С ними, её котятами маленькими, такой странный случай произошёл. Сижу я на крыльце. Прислушиваюсь, что вокруг делается. Это людям надо рядом быть, чтобы услышать, а мы, звери, всё за километры слышим, а иногда просто чувствуем. Сижу, слушаю, отдыхаю. Вдруг влетает Муська – шерсть дыбом. Кричит: «Скорее! Помоги»! Сорвался я за ней и вижу. Посреди дороги яма, в которую вода сливается. Яма закрыта решёткой. А эти два рыжих дурака застряли в решётке и не выберутся никак. Машина поедет и не заметит, как раздавит. А я как их достану? Зубами не получится.

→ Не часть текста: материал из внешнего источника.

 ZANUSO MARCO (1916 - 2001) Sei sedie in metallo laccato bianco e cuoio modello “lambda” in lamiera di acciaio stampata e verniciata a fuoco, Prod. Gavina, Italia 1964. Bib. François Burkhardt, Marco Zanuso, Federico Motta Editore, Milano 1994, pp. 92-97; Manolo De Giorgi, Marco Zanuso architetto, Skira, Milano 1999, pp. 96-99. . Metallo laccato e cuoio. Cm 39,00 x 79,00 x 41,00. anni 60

Кинулся к хозяйкам. Прыгаю, лаю, к дверям кидаюсь. Это мы язык людей понимаем, а они наш – нет. Наконец старшая Хозяйка говорит: «Что-то случилось. Пойду, посмотрю». Я её и привёл к решётке. Она котят достала, на тротуар отнесла и меня похвалила: какой я умный и добрый.

Потом я очень пожалел, что спас их. Муська внушила им, что я их второй отец. Они, когда мимо меня пробегали, на попки приседали и пищали: «Доброе утро, папенька!». Тьфу! Только рыкну: «Р-р-разорву!» – их и след простыл. К счастью, на следующее лето они всё забыли, и я их гонял, как и остальных котов.

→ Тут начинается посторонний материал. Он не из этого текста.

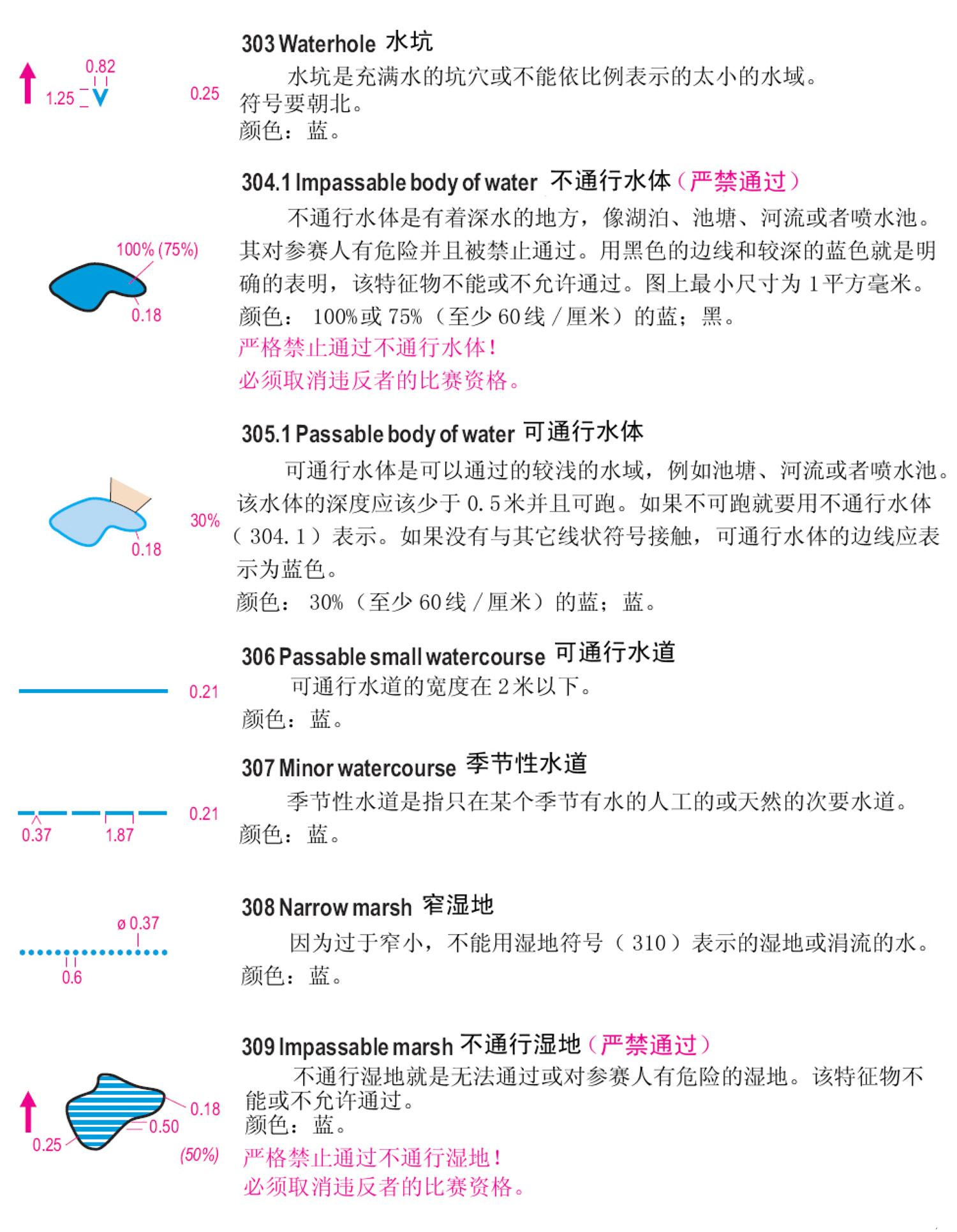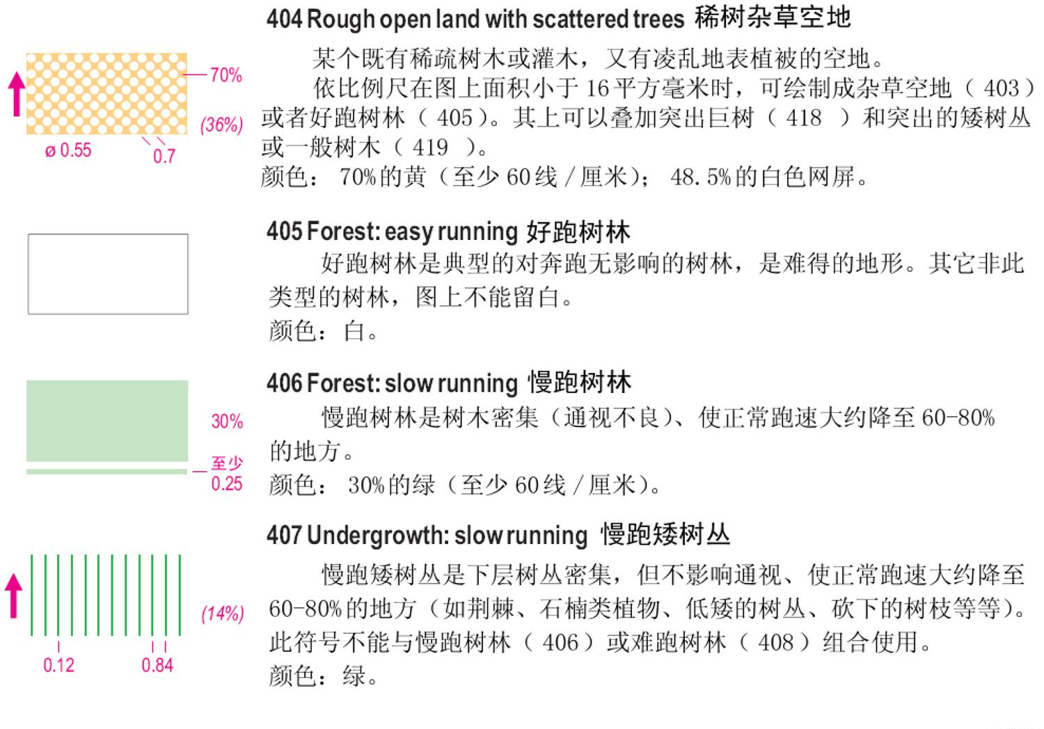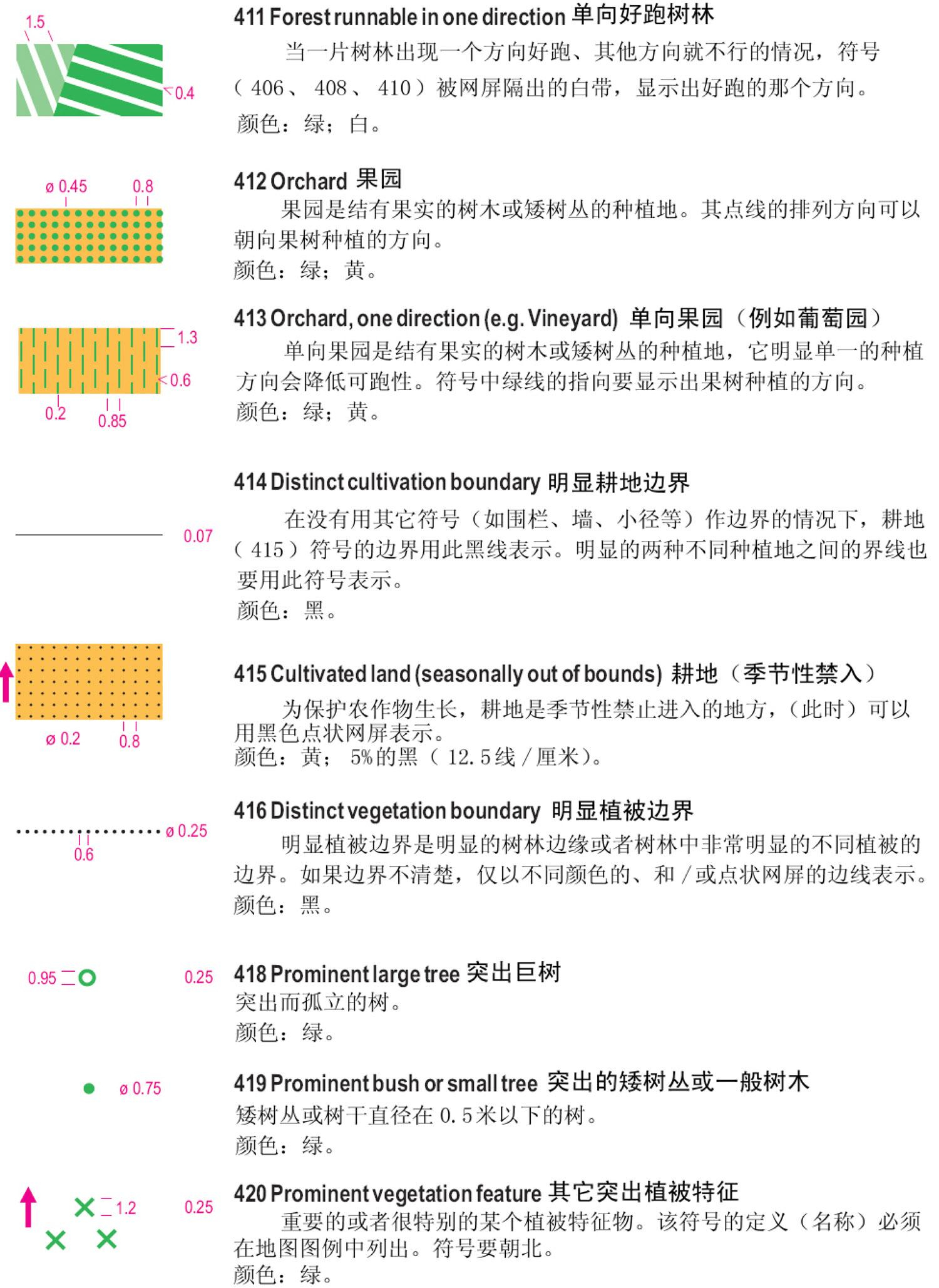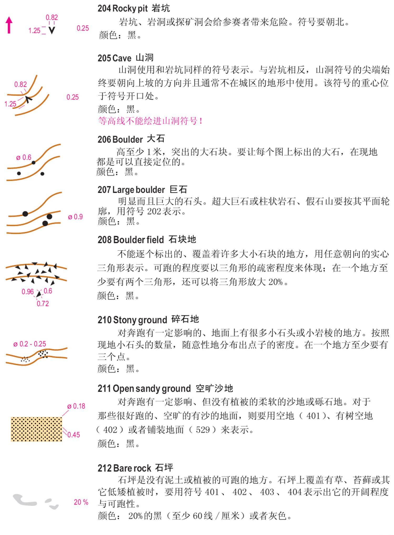 一、国际短距离定向运动地图规范(ISSOM)地图符号 二、国际定向运动地图规范(ISOM)徒步定向运动地图符号 三、下面以ISSOM2007标准说明: 1、地貌 2、岩石与石块 3、水系与湿地 4、植被 5、人造特征物 6、技术符号 7、套印符号 备注:符号详细

А ещё я люблю запахи и тени старого дома.

Вот люди не чувствуют, что запахи остаются в старых домах навсегда. Запахи тех, кто жил здесь раньше. Не видят тени тех, кто ушёл навсегда, а я вижу. Они улыбаются мне. Я их люблю. Ещё я слышу шорохи и вижу свечение – жизнь тех, кого уже не видят люди. Им, людям, доступен только грубый реальный мир, а все ИНОЕ они не понимают, не знают. Скоро и я уйду из дома. Присоединюсь к теням. Теперь вот, в старости, я думаю: а насколько мы опередили людей в понимании самого важного? Поговорить бы с Хозяйкой, она всё объяснила бы человечьим языком. Но не получается, хотя мы столько лет прожили вместе, что даже в разных местах чувствуем друг друга. Думаю, она у меня научилась.

Люблю Хозяек, люблю детёнышей, люблю Дашку. Но пора уходить. Тени ждут.